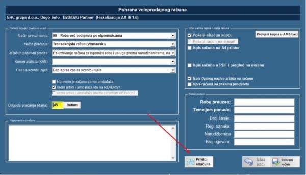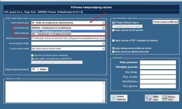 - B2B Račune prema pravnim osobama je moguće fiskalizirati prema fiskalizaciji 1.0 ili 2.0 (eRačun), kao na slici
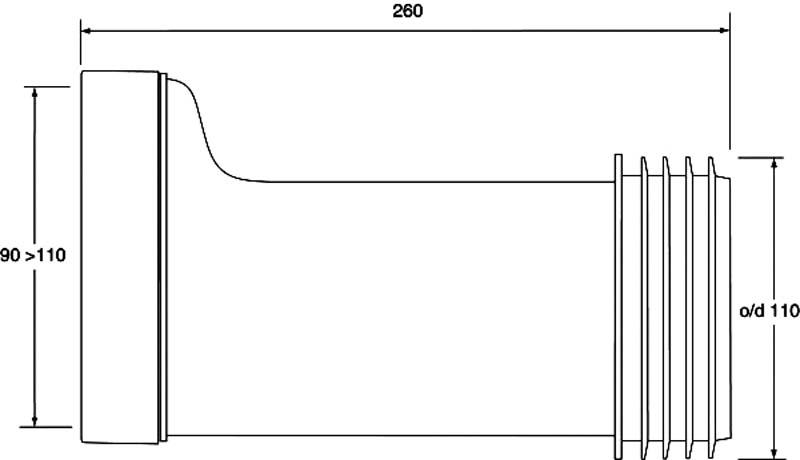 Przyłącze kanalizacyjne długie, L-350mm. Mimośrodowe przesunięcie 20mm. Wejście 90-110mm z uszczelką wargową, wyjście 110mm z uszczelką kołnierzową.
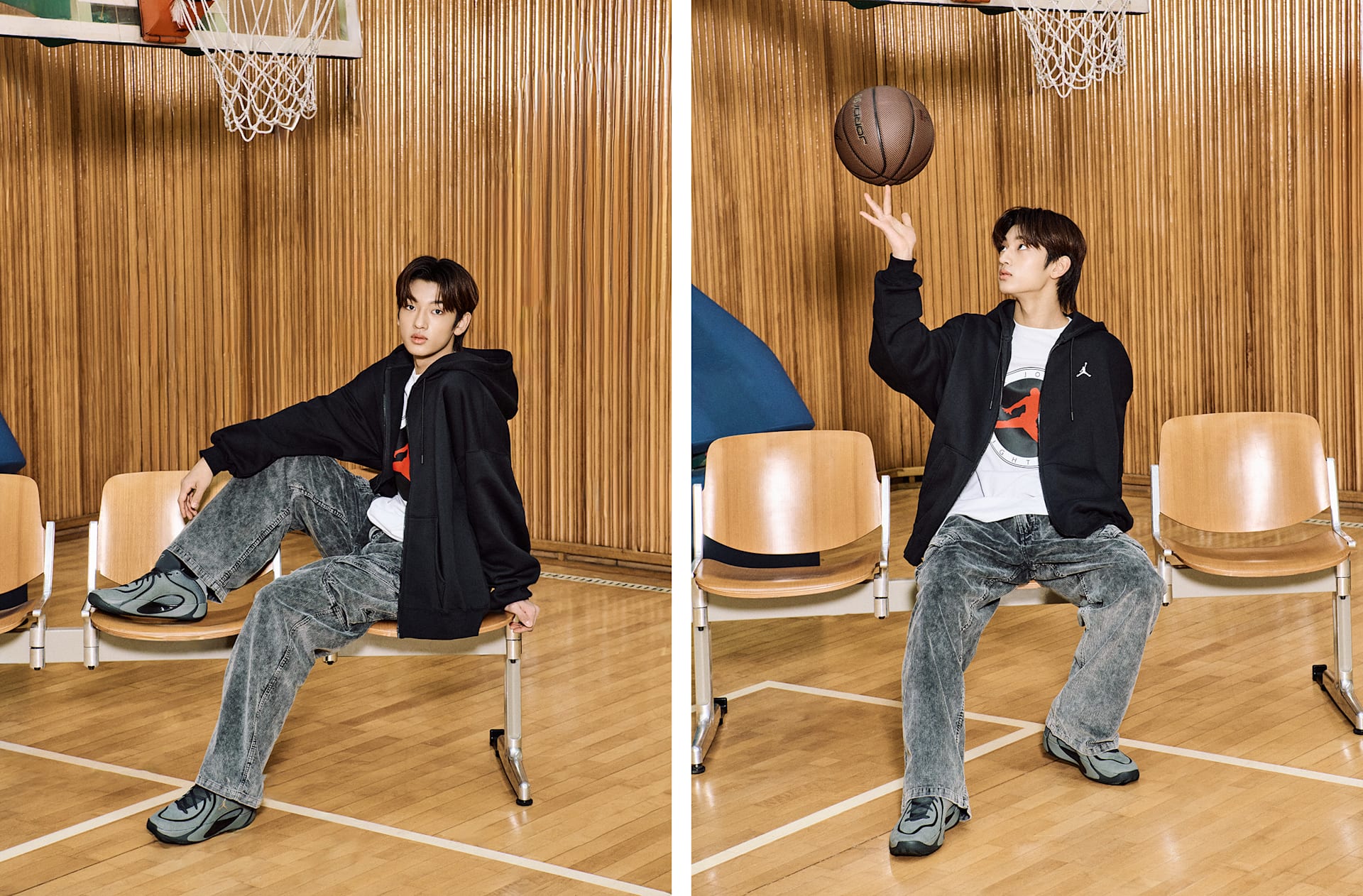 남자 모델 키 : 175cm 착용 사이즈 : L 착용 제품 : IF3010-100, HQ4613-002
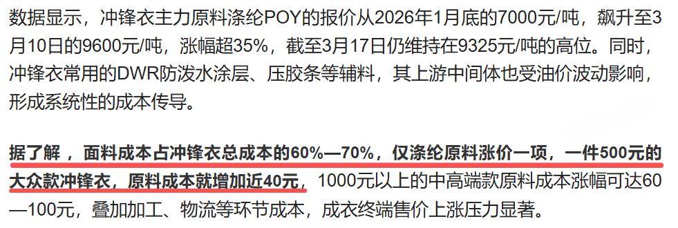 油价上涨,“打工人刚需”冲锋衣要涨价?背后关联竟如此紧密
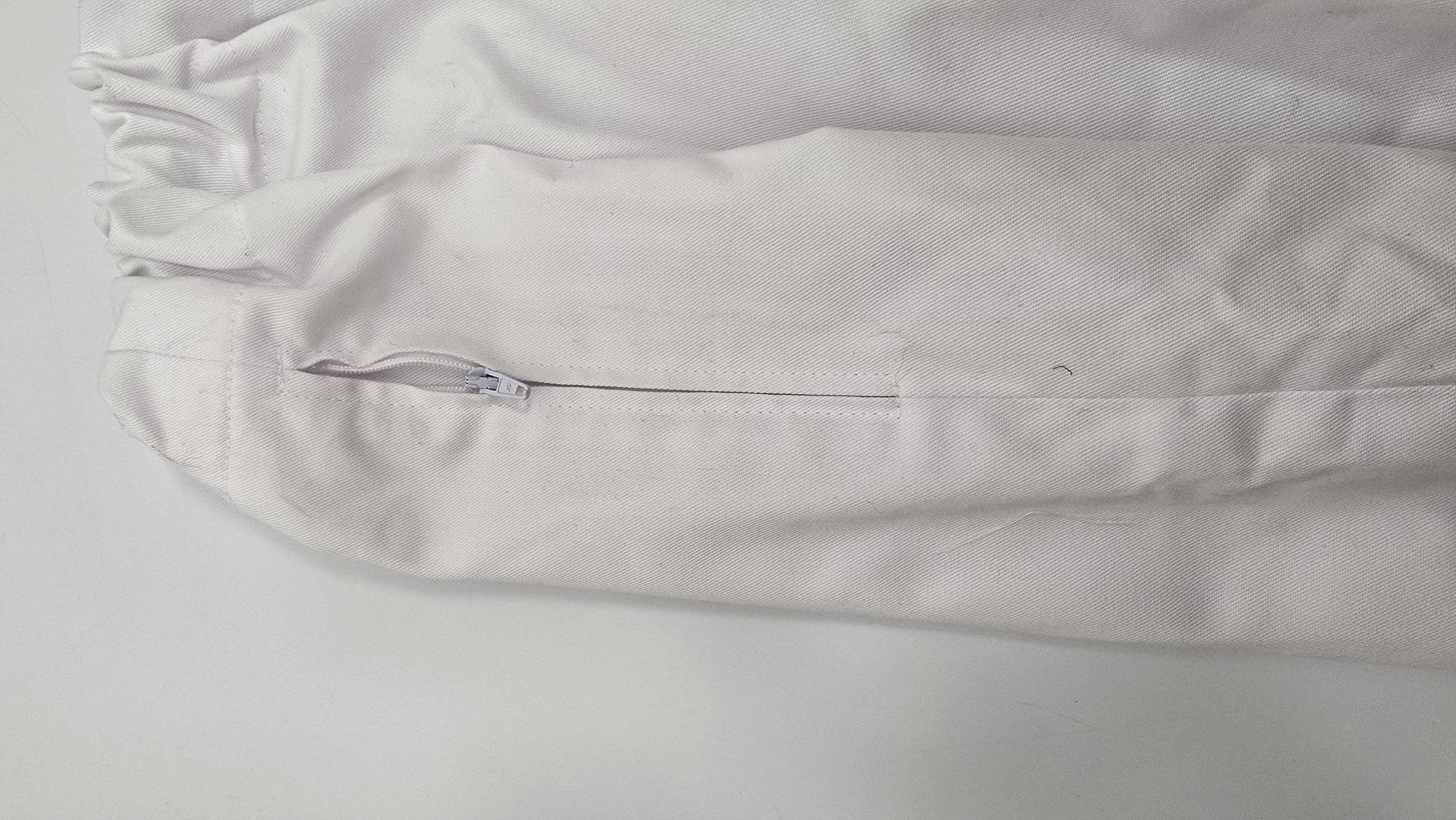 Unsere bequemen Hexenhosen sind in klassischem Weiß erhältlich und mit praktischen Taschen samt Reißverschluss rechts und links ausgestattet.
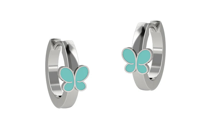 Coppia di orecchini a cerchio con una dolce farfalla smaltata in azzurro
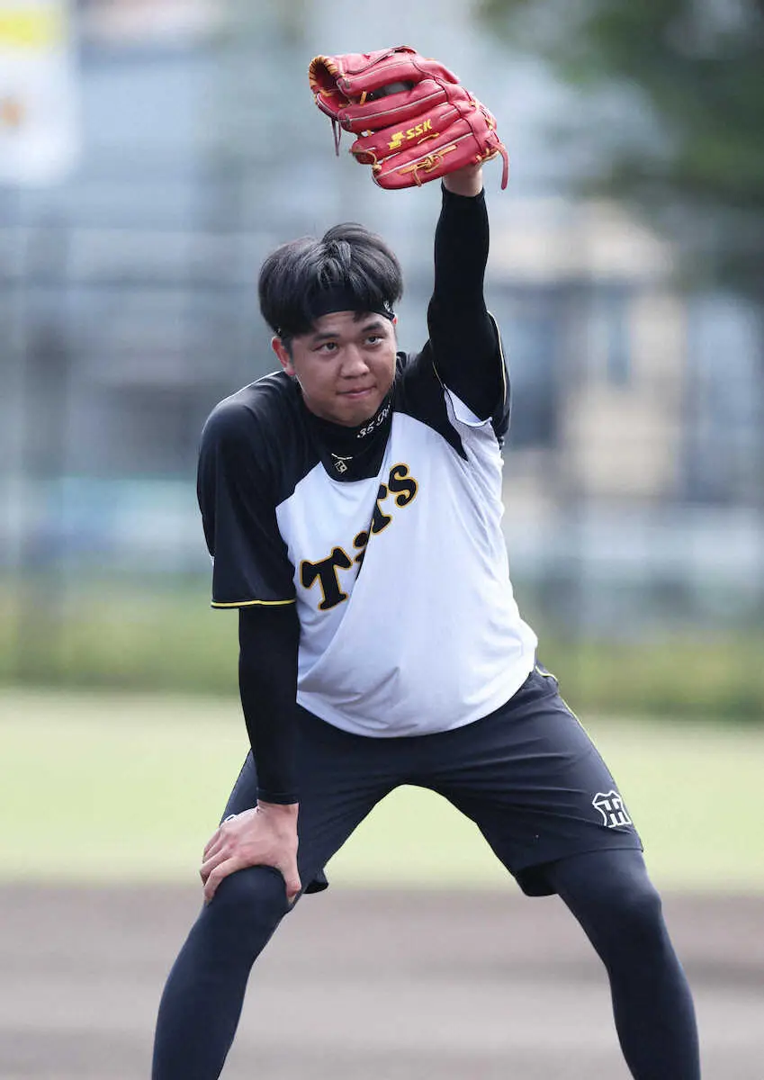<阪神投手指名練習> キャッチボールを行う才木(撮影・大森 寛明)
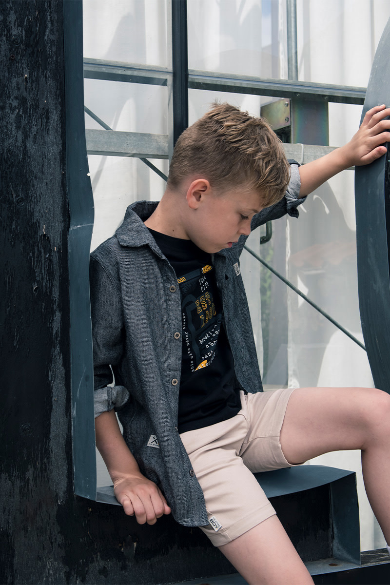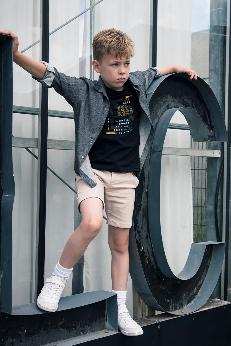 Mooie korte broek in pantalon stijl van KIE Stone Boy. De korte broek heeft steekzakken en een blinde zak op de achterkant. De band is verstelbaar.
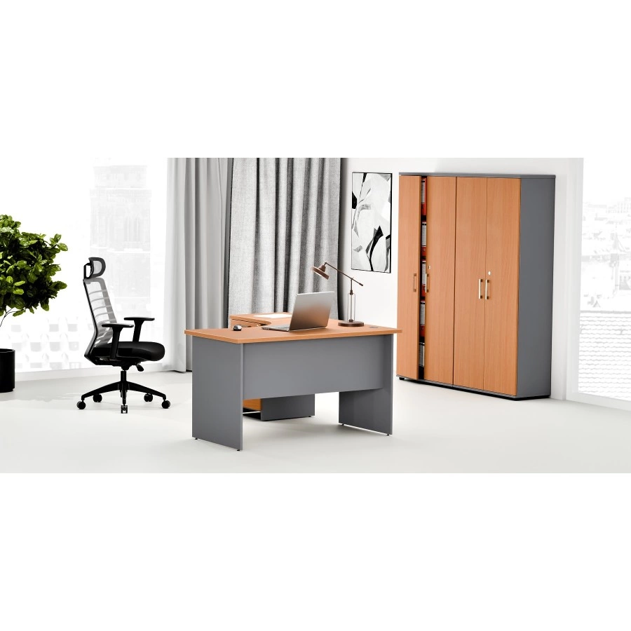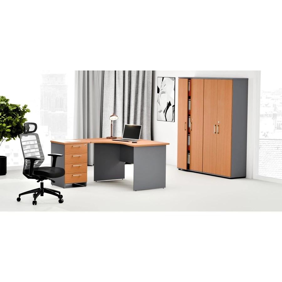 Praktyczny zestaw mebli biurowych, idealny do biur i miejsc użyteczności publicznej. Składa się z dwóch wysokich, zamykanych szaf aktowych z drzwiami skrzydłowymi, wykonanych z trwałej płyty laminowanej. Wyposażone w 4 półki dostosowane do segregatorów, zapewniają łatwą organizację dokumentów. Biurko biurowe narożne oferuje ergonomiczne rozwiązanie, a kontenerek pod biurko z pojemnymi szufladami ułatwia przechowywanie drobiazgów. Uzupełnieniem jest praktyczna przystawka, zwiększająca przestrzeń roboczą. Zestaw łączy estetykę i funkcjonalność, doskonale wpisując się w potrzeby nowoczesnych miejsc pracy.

—————

* TASK DETAILS *
Please repeat the entries exactly. Do not include the pictures.

* WRITTEN RESPONSE *
 - B2B Račune prema pravnim osobama je moguće fiskalizirati prema fiskalizaciji 1.0 ili 2.0 (eRačun), kao na slici
 Przyłącze kanalizacyjne długie, L-350mm. Mimośrodowe przesunięcie 20mm. Wejście 90-110mm z uszczelką wargową, wyjście 110mm z uszczelką kołnierzową.
 남자 모델 키 : 175cm 착용 사이즈 : L 착용 제품 : IF3010-100, HQ4613-002
 油价上涨,“打工人刚需”冲锋衣要涨价?背后关联竟如此紧密
 Unsere bequemen Hexenhosen sind in klassischem Weiß erhältlich und mit praktischen Taschen samt Reißverschluss rechts und links ausgestattet.
 Coppia di orecchini a cerchio con una dolce farfalla smaltata in azzurro
<阪神投手指名練習> キャッチボールを行う才木(撮影・大森 寛明)
 Mooie korte broek in pantalon stijl van KIE Stone Boy. De korte broek heeft steekzakken en een blinde zak op de achterkant. De band is verstelbaar.
 Praktyczny zestaw mebli biurowych, idealny do biur i miejsc użyteczności publicznej. Składa się z dwóch wysokich, zamykanych szaf aktowych z drzwiami skrzydłowymi, wykonanych z trwałej płyty laminowanej. Wyposażone w 4 półki dostosowane do segregatorów, zapewniają łatwą organizację dokumentów. Biurko biurowe narożne oferuje ergonomiczne rozwiązanie, a kontenerek pod biurko z pojemnymi szufladami ułatwia przechowywanie drobiazgów. Uzupełnieniem jest praktyczna przystawka, zwiększająca przestrzeń roboczą. Zestaw łączy estetykę i funkcjonalność, doskonale wpisując się w potrzeby nowoczesnych miejsc pracy.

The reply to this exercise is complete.